Post#22 » by lessthanjake » Thu Sep 11, 2025 8:50 pm

homecourtloss wrote:
lessthanjake wrote:
homecourtloss wrote:
2016 Draymond just has too many signals telling us he was at a level only clear GOAT candidates clearly supercede.

Draymond's 2016 Playoffs Without Curry

Entire playoffs: 359 minutes, +7.9 rORtg -8.9 rDRtg, +16.8 rNRtg

vs. Houston: 144 minutes: +7.0 rORtg, -14.9 rDRtg, +21.9 rNRtg
vs. Portland: 136 minutes: +8.2 rORtg, -.9 rDRtg, +9.1 rNRtg
vs. OK City: 29 minutes: -13.5 rORtg, -1.8 rDRtg, -11.7 rNRtg
vs. Cleveland: 52 minutes: +14.8 rORtg, -19.6 rDRtg, +34.4 rNRtg

People can say "Houston and Portland were average teams," and even if they are, players do NOT have these types of numbers, especially given that they played entire games without another great player whose minutes were replaced by a far, far lesser player as is the case when there are injuries.
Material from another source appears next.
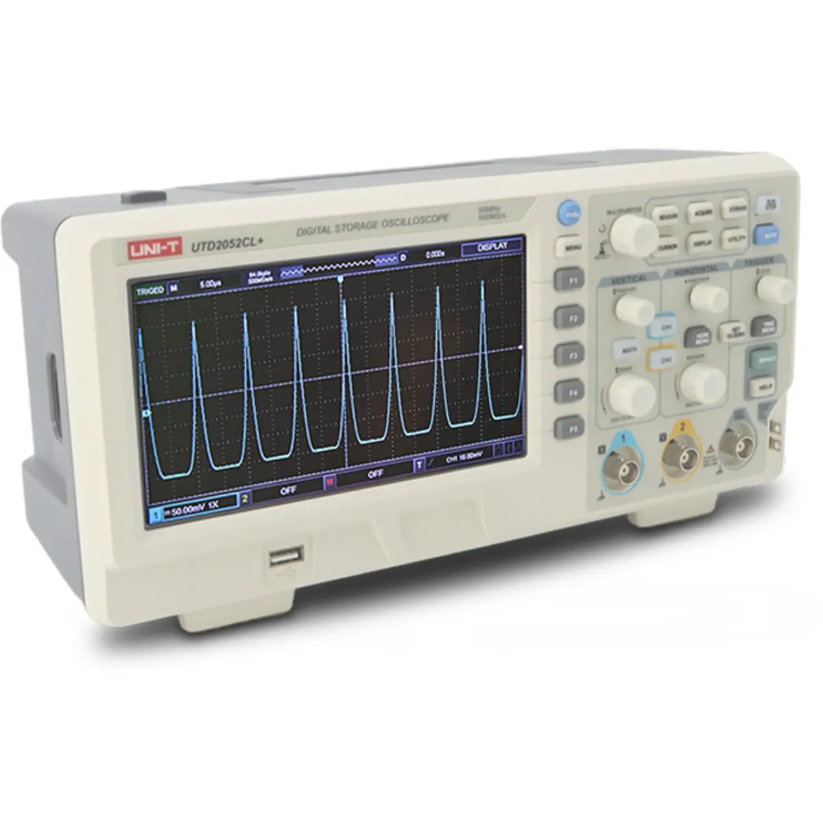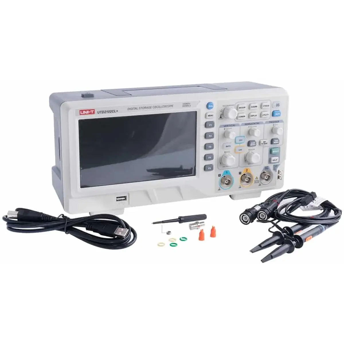 O UNI-T UTD2102CL+ é um poderoso osciloscópio de 2 canais, muito adequado para laboratórios de eletrónica e escolas, graças à sua excelente relação preço-desempenho. Com largura de banda de 100 MHz e taxa de amostragem de 500 MSa/s, o UTD2102CL+ oferece resultados de medição precisos. Além disso, a interface USB permite salvar os resultados da medição.

The sample is limited, but we have all of 2016 and then the playoffs when Draymond's massive impact was felt everywhere. Jokic, who was voted in already and some have as the second highest peak of all time, cannot say he has some of these numbers. That doesn't mean that Jokic is lower, not as good, etc., but these are ridiculous numbers.
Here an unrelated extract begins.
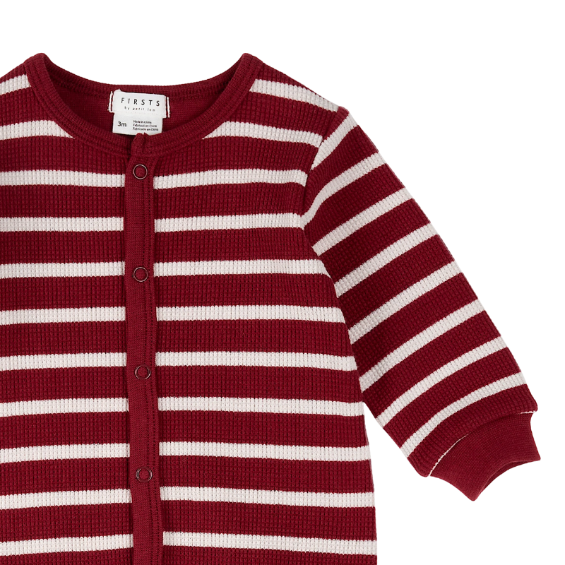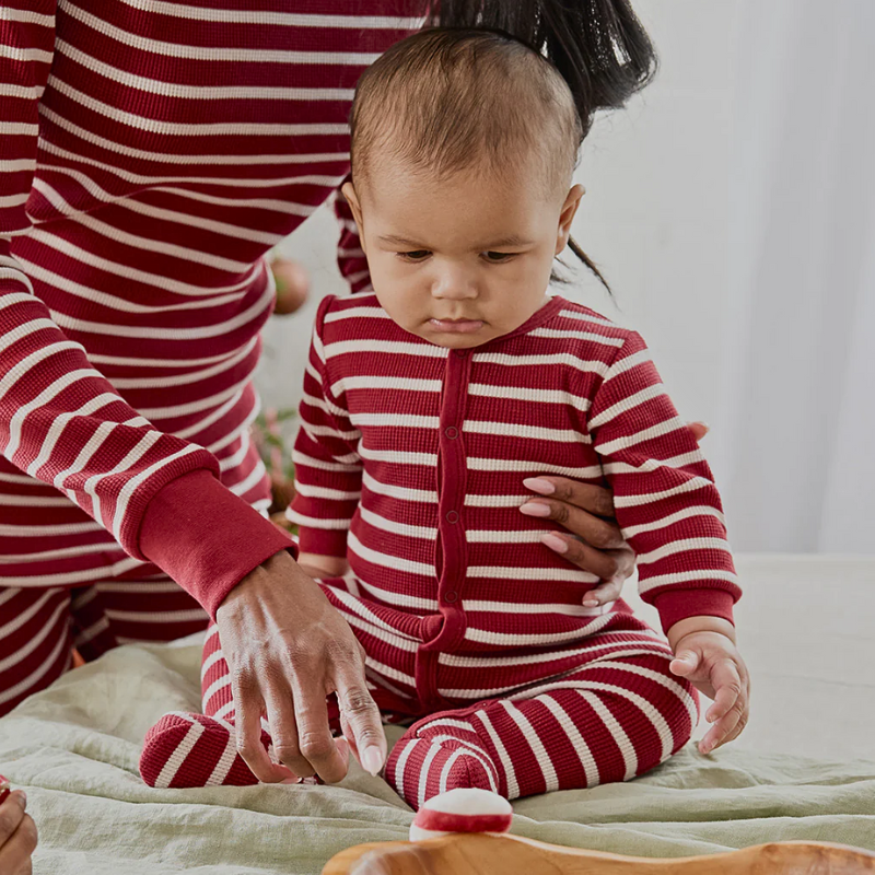 Brighten up bedtime with this Scarlet Red Stripe sleeper. Made from soft thermal cotton, it’s perfect for the colder months (and of course the festive season). Featuring ribbed cuffs, integrated feet, and easy snap buttons, the sleeper is designed for mom, dad and baby’s comfort and convenience. Matching PJs are also available (12-24m).

Players have all kinds of numbers across 359-minute samples. It’s quite a small sample.


Does Jokic in the playoffs? Do these other players have playoffs series played mostly without the other best player leading to these numbers AND a regular season like Draymond's AND a Finals series like his including game 7? You're waiving away a lot.


No, I’m specifically waving away the idea of drawing any real conclusion from numbers in a 359-minute sample. And that’s true whether the data for someone in a sample like that looks good, bad, or somewhere in the middle. It’s just a sample we’d expect to be very noisy. It’s not completely useless and can be thrown on the pile of info we have, but on its own it’s not worth very much. I actually largely agree with your conclusion about Draymond though, because we do actually have other information that looks great for him too.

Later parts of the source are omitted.